DataMine is a local web application designed for high-performance data exploration, custom SQL queries, and dynamic visualizations on large (gigabyte-scale) CSV and Parquet repositories.
Built with FastAPI, DuckDB, and React, DataMine avoids memory overheads (RAM crashes) by executing queries directly on disk or through memory mapping using a high-performance, out-of-core SQL engine.
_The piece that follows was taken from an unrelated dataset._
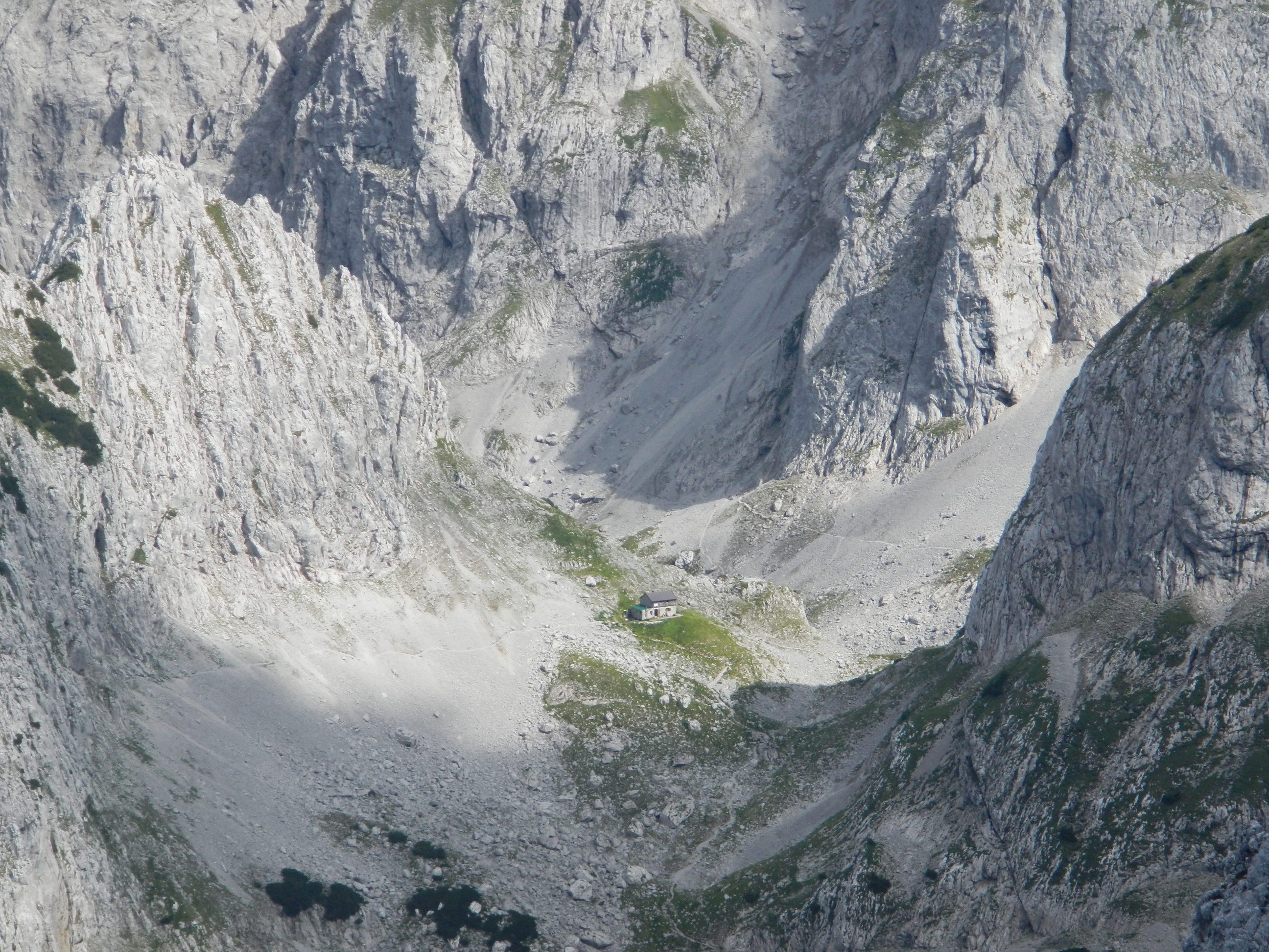 Da unten liegt idyllisch die Fritz-Pflaum-Hütte.

- Analytical SQL Editor: Write custom SQL directly in the browser (e.g. filters, aggregations, joins). The query targets a virtual table called
tablerepresenting the selected CSV or Parquet file. - Preset Templates: Click-to-apply templates for quick data analysis:
- Preview: Standard preview showing columns.
- Group By Count: Frequency counts on text columns.
- Value Sum: Financial/sales sum aggregations on numeric columns.
- Time Series: Daily/monthly rolling stats.
- Advanced Visualizations (Recharts):
- Supports Line, Bar, Area, Scatter, and Pie charts.
- Bind X-Axis dynamically to any query field.
- Multi-Series Plotting: Toggle multiple Y-Axis series at once to overlay them.
- Local Repository Manager:
- Drag & drop uploader for new CSV and Parquet files.
- Check file sizes and format states in a dedicated manager catalog.
- Parquet Optimization Engine:
- Convert large CSV files to compressed Parquet format with a single click.
- Reduces file size on disk and increases query performance by 10x to 50x.
- Data Exporter: Save custom query outputs back to your machine as a CSV download with one click.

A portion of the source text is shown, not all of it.